Write out the records below from the first line through the line containing "自然的鬼斧神工造就了這座地下", leaving out any pictures.

(Collected data entries)
·····

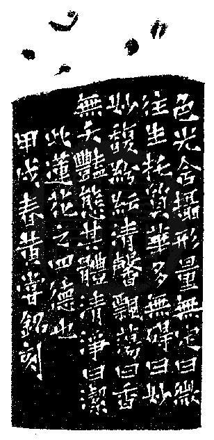 黃嘗銘.四十一歲/刻〔微妙香潔〕正方朱白文印。邊款為【色光含攝形量無定曰微,往生托質華多無礙曰妙,妙馥紛紜清馨飄蕩曰香,無夭豔態其體清淨曰潔,此蓮花之四德也。甲戌春,黃嘗銘刻。】原印今藏於張國萍。壽山硃砂凍。
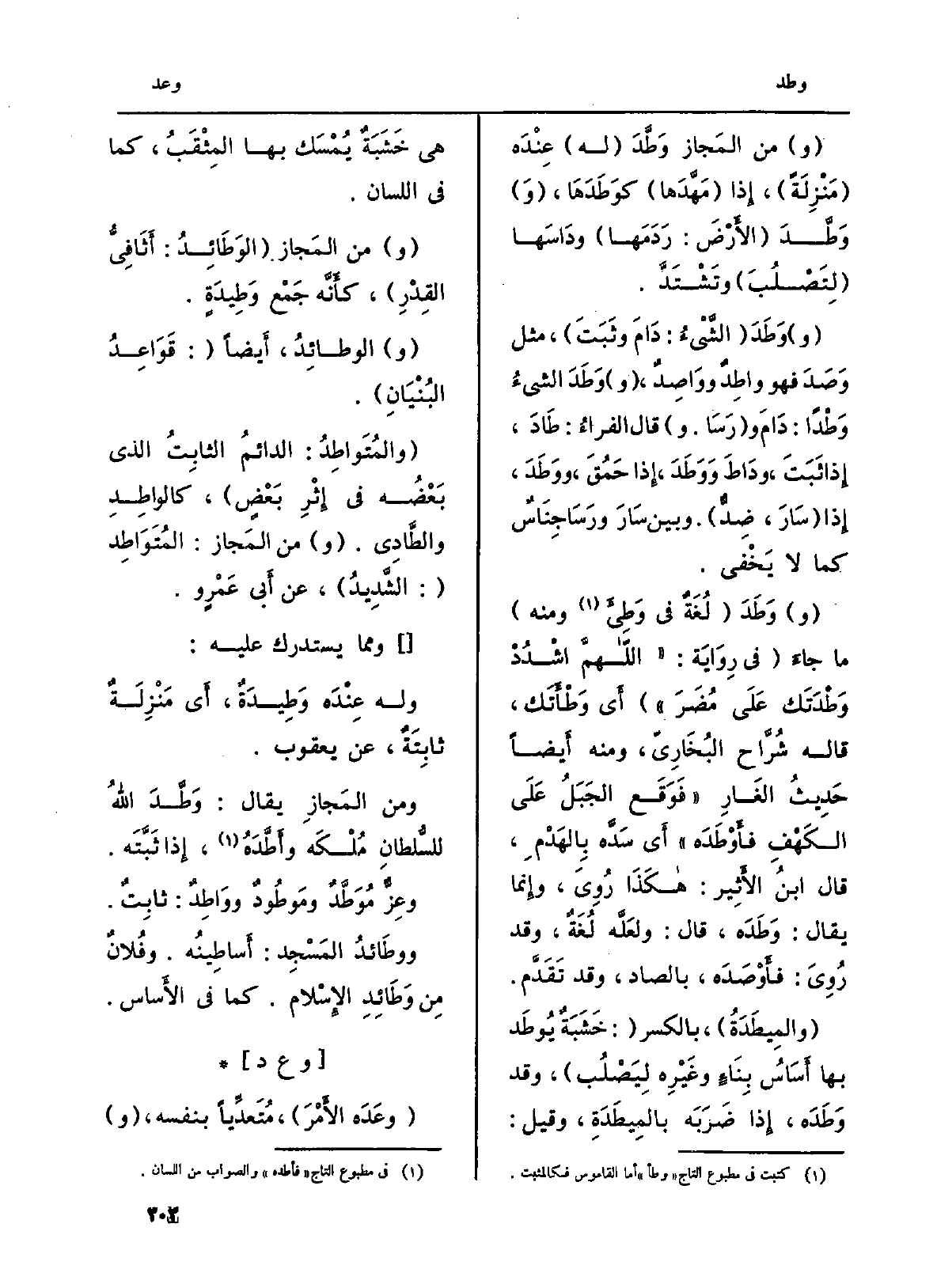 (و) وَطَدَ (لُغَةٌ فِي وَطِىءَ وَمِنْه) مَا جاءَ (فِي رِوَايَة: اللهمَّ اشْدُدْ} وَطْدَتَك عَلَى مُضَرَ)) أَي وَطْأَتَك، قَالَه شُرَّاح البُخَارِيّ، وَمِنْه أَيضاً حَدِيثُ الغَارِ (فَوَقَع الجَبَلُ عَلَى الكَهْفِ {فأَوْطَدَه) أَي سَدَّه بُالهَدْمِ، قَالَ ابنُ الأَثِير: هاكَذَا رُوَيِ، وإِنما يُقَال:} وَطَدَه، قَالَ: ولعَلَّه لُغَةٌ، وَقد رُوِيَ: فأَوْصَدَه، بالصَّاد، وَقد تَقَدَّم.
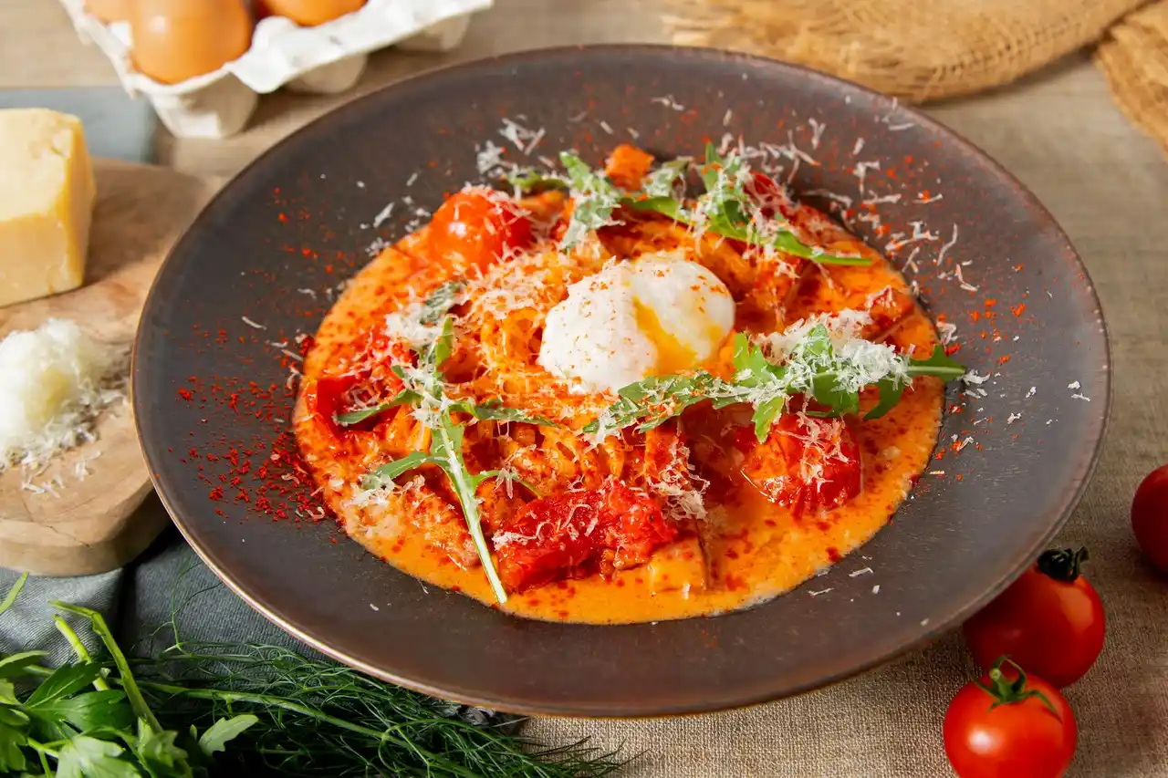 半熟に仕上げた北坂たまごと島ポモドーロのスパイス赤カルボナーラ風 リングイネ |
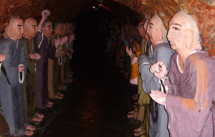 自然的鬼斧神工造就了這座地下宮殿,人類的智慧又賦予它豐富的文化色彩。開發(fā)后,吊水壺溶洞終于得見天日,這幅優(yōu)美的地下長卷在封閉了三億年后展現(xiàn)于世。為了方便游人的出入和加強(qiáng)旅游景點(diǎn)的建設(shè),洞口筑成龍頭的形狀,被俗稱為“老龍口”。從龍口進(jìn)入后,一架高32米的龍形旋梯可把游人引入洞內(nèi);在第一大廳中,根據(jù)吊水壺的傳說故事,筑成了小白龍和黑蟒精廝殺的模型,此外,還增添八仙醉瑤池、靈霄寶殿、如來佛、觀音菩薩、麒麟送子等人造景觀,達(dá)到了自然與人文的完美結(jié)合。
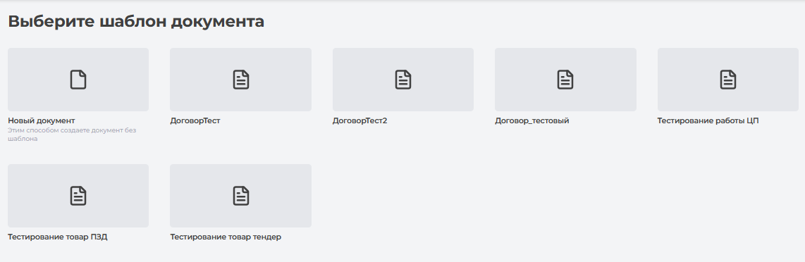 Далее, система открывает страницу выбора шаблона документа, где необходимо выбрать необходимый шаблон (Рисунок 177).
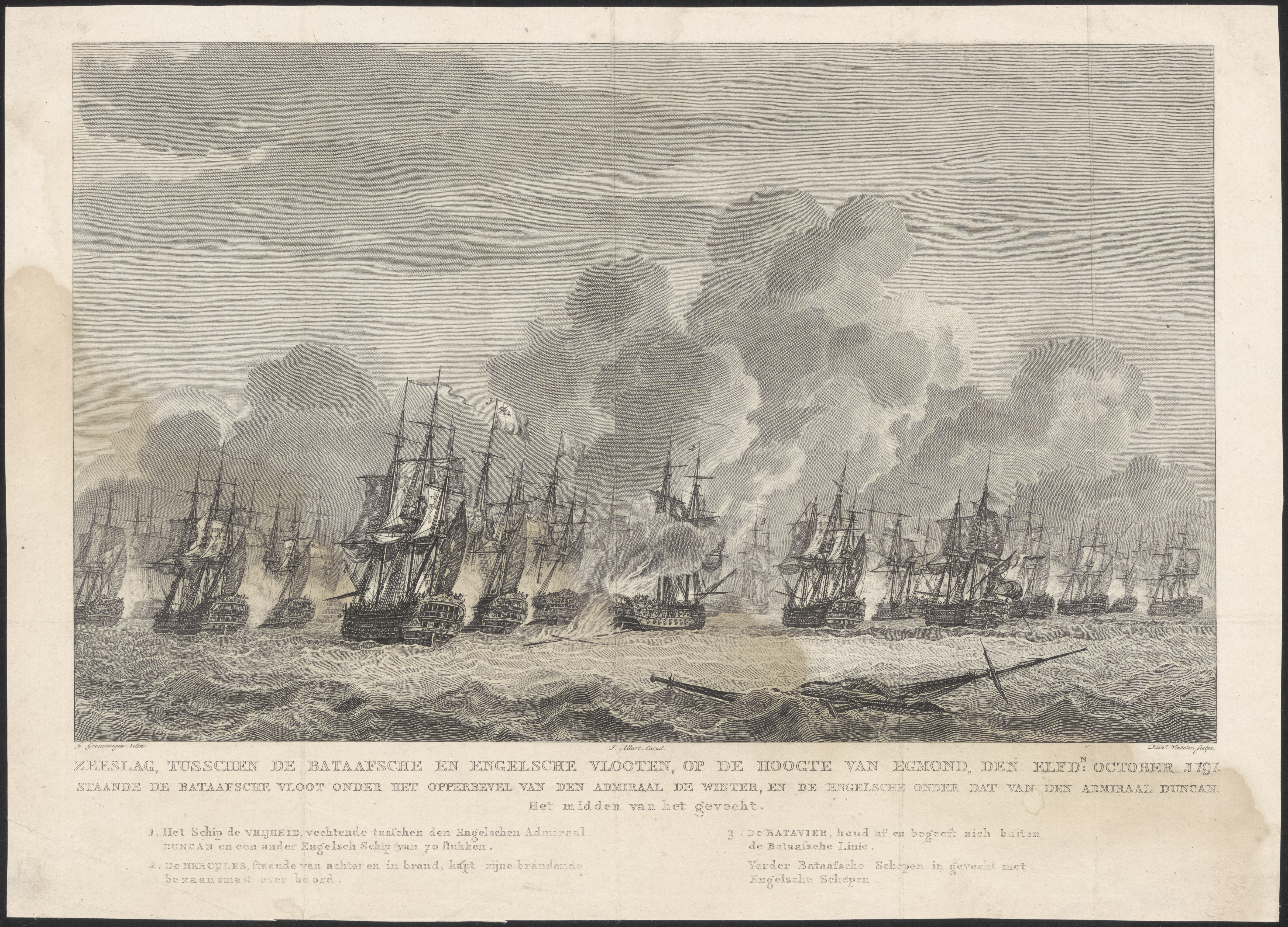 Zeeslag tusschen de Bataafsche en Engelsche vloot op...
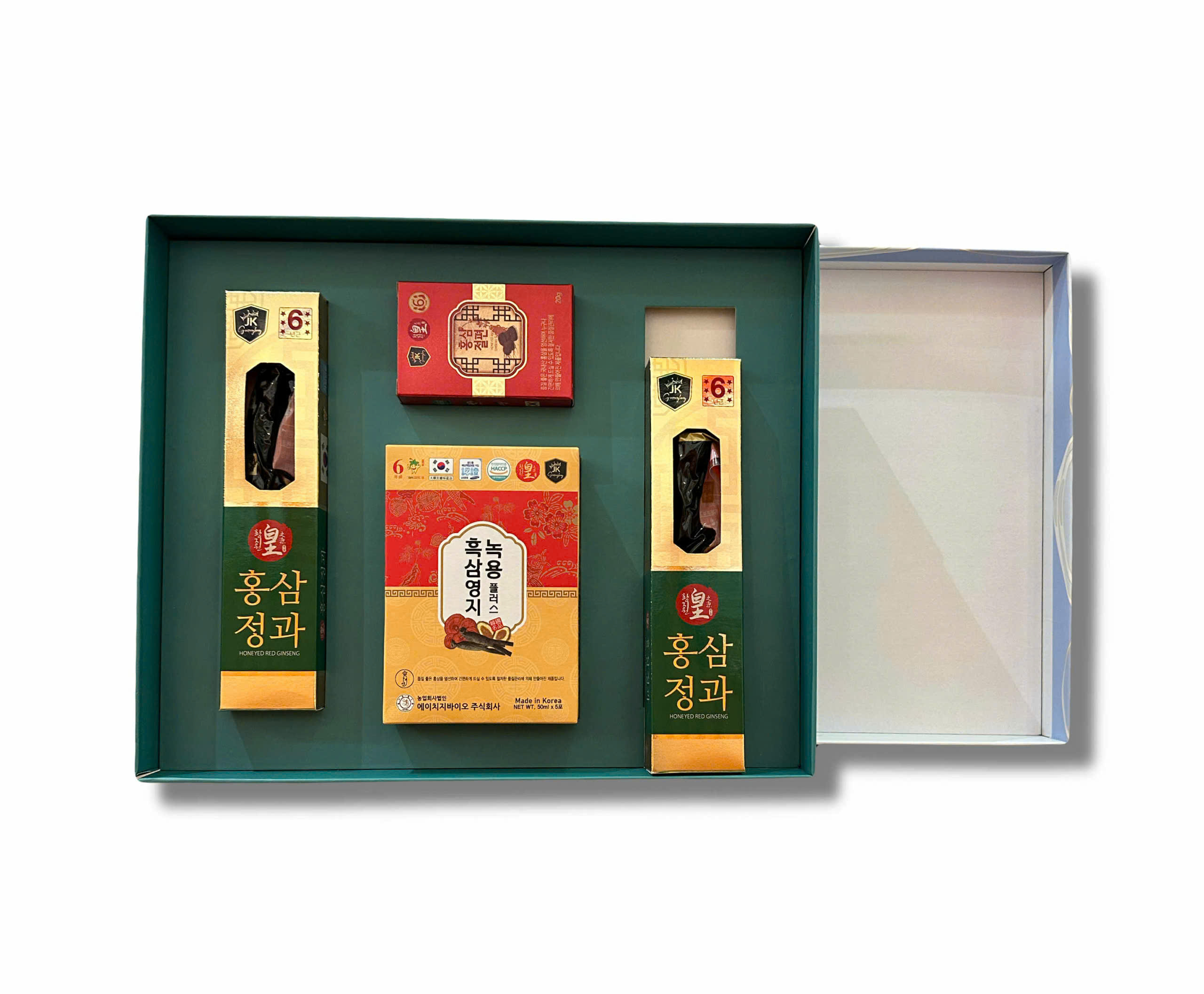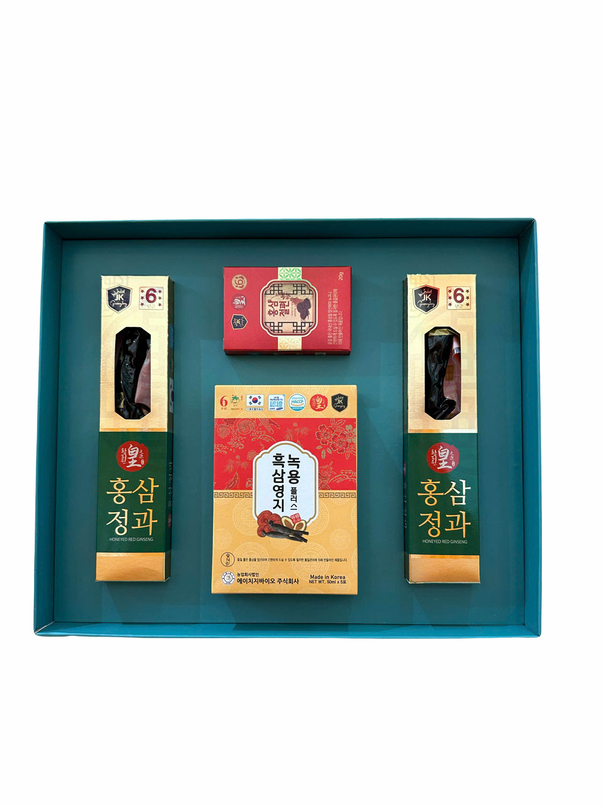 Bao gồm 4 sản phẩm trong 1 hộp Gift Set: 2 sâm củ ngâm mật ong, 1 hộp hồng sâm lát mật ong và 1 hộp hồng sâm gói nước

·····

RESPONSE AREA
 黃嘗銘.四十一歲/刻〔微妙香潔〕正方朱白文印。邊款為【色光含攝形量無定曰微,往生托質華多無礙曰妙,妙馥紛紜清馨飄蕩曰香,無夭豔態其體清淨曰潔,此蓮花之四德也。甲戌春,黃嘗銘刻。】原印今藏於張國萍。壽山硃砂凍。
 (و) وَطَدَ (لُغَةٌ فِي وَطِىءَ وَمِنْه) مَا جاءَ (فِي رِوَايَة: اللهمَّ اشْدُدْ} وَطْدَتَك عَلَى مُضَرَ)) أَي وَطْأَتَك، قَالَه شُرَّاح البُخَارِيّ، وَمِنْه أَيضاً حَدِيثُ الغَارِ (فَوَقَع الجَبَلُ عَلَى الكَهْفِ {فأَوْطَدَه) أَي سَدَّه بُالهَدْمِ، قَالَ ابنُ الأَثِير: هاكَذَا رُوَيِ، وإِنما يُقَال:} وَطَدَه، قَالَ: ولعَلَّه لُغَةٌ، وَقد رُوِيَ: فأَوْصَدَه، بالصَّاد، وَقد تَقَدَّم.
 半熟に仕上げた北坂たまごと島ポモドーロのスパイス赤カルボナーラ風 リングイネ |
 自然的鬼斧神工造就了這座地下宮殿,人類的智慧又賦予它豐富的文化色彩。開發(fā)后,吊水壺溶洞終于得見天日,這幅優(yōu)美的地下長卷在封閉了三億年后展現(xiàn)于世。為了方便游人的出入和加強(qiáng)旅游景點(diǎn)的建設(shè),洞口筑成龍頭的形狀,被俗稱為“老龍口”。從龍口進(jìn)入后,一架高32米的龍形旋梯可把游人引入洞內(nèi);在第一大廳中,根據(jù)吊水壺的傳說故事,筑成了小白龍和黑蟒精廝殺的模型,此外,還增添八仙醉瑤池、靈霄寶殿、如來佛、觀音菩薩、麒麟送子等人造景觀,達(dá)到了自然與人文的完美結(jié)合。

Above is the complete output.